If you are travelling to or from the Netherlands by air you must complete a health screening form and have it ready to show on request during your journey, whether you are at the departure airport, on the aircraft or at the arrival airport.

When in the Netherlands, there are rules in place to prevent the spread of coronavirus.

This includes the wearing of non-medical face masks on public transport if you are aged 13 and over.

If you do not wear a face mask on public transport you can be fined €95 (£84.72).

In stations, on platforms and at bus and tram stops face masks are not required, but you must stay 1.5 metres away from others.

In Amsterdam, from August 5, all people aged 13 and over must wear a face mask in certain places in Amsterdam where it can be particularly busy.

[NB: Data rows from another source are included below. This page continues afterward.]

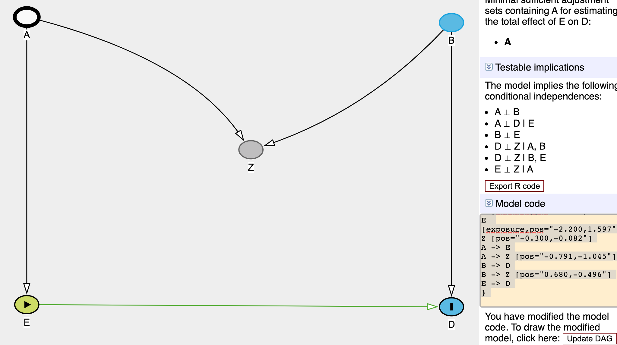 dag_cand3 <-dagify(#Here, we see conventional R syntax (e.g., outcome ~ predictors) birth_defects ~ vitamins + pnc + genetics, vitamins ~ ses + pnc, pnc ~ ses + diff_conceiving, diff_conceiving ~ genetics, exposure ="vitamins",outcome ="birth_defects")
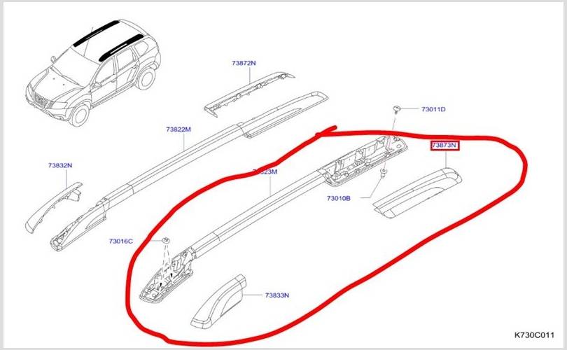 Рейлинг на крышу Nissan Terrano 2022 7382100Q0A D10 H4MD 438P160913, левый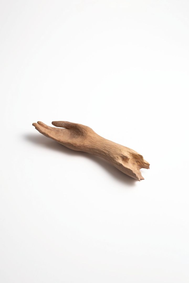「岸野承さんは大学で彫刻を学んだ後、石彫・鋳造などの仕事を経て、現在の古木を用いた作品の制作に取り組まれました。岸野さんの作品のモチーフには人や鳥が多く見られますが、意図して人や鳥の姿をただ写し取ろうとするのではなく、寺や神社から譲り受けた古材や海岸に流れ着いた流木、境内に埋もれていた古瓦など、さまざまな素材に寄り添い、素材が示す姿形を感じとっていく時間が大切になるのです。それは無いものを感じて空間を彫りあげていく、まさに彫刻しているモノと一体になる無心の境地であり、私達が岸野承さんの作品に仏様や暖かなモノを感じる所以でもあります」(寺田美術 店主)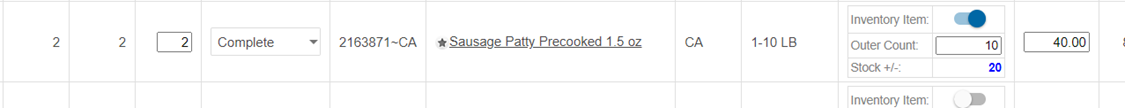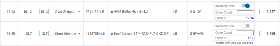 Items ordered by weight and counted in weight should leave outer count set at 1. In this example the Ham was shipped 19.13 LBS, and we want to put 19.13 LBS. in stock, so the outer count remains 1.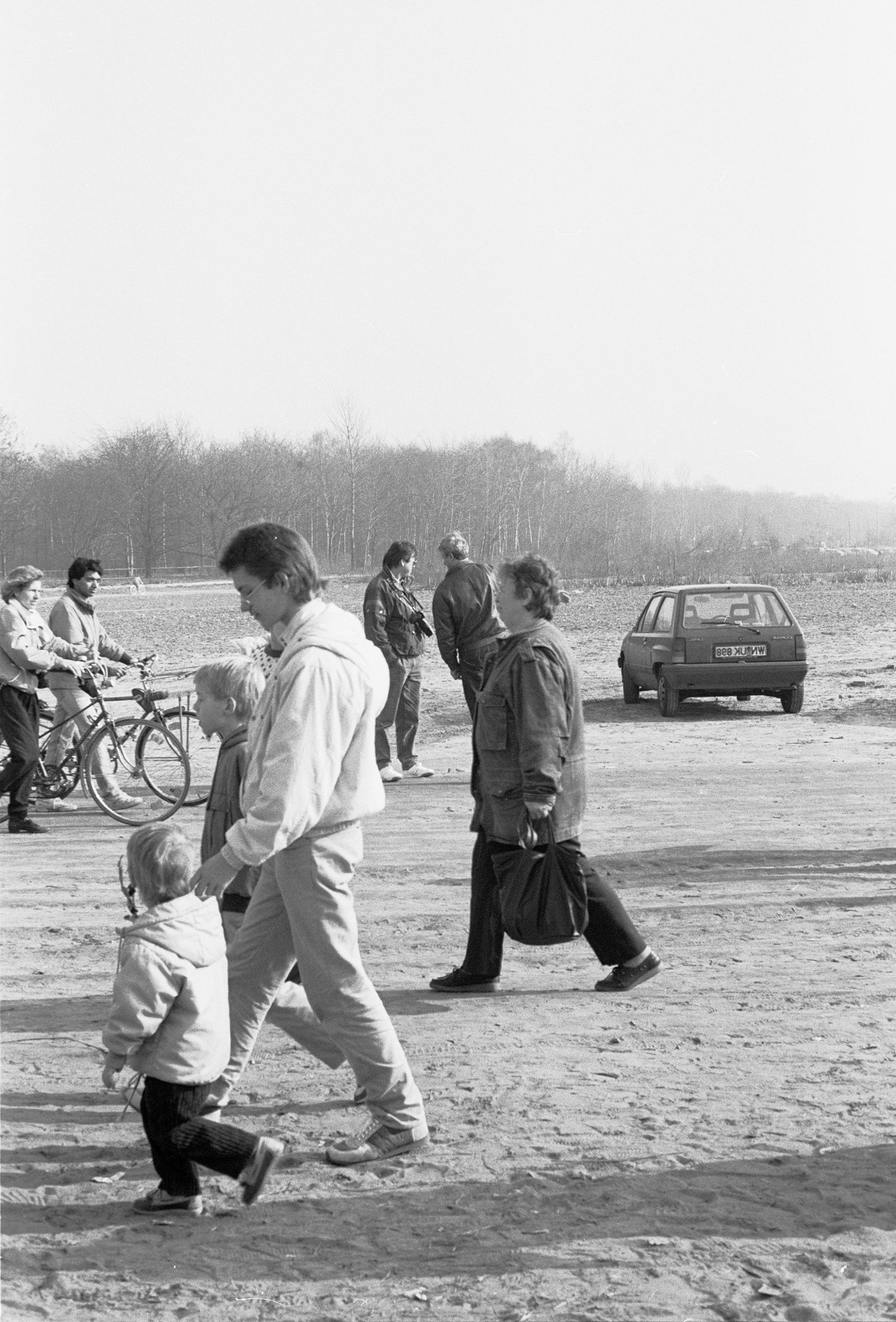 The rapidly changing situation in Berlin during November and December 1989 prompted the artist Marcus Kaiser to travel to the city. The Berlin Wall was already full of numerous openings, holes and breaches, which had been hammered into it by both Berliners and tourists, and Kaiser used some of these holes to encase a camera obscura. At each of the selected openings along the border he took photographs in both directions, east and west. From the Reichstag Building to Potsdamer Platz and the Prinz-Albert-Gelände (ruin of the former Gestapo headquarters) to the border crossing on Prinzenstraße. The final photographic work consists of seven large-format diptychs.

For eating out in the Netherlands, reservations must be made (either in advance or at the door) for restaurants, cafés and bars.

All places must carry out pre-entry health checks and have assigned seating for customers (at either a table or the bar).

This applies both outdoors and indoors and regardless of the size of the establishment.

Returning to the UK after visiting the Netherlands, Britons will be asked to isolate for 14 days.

On arrival into the UK you must provide your journey and contact details, and if you don’t you could face a fine of up to £100.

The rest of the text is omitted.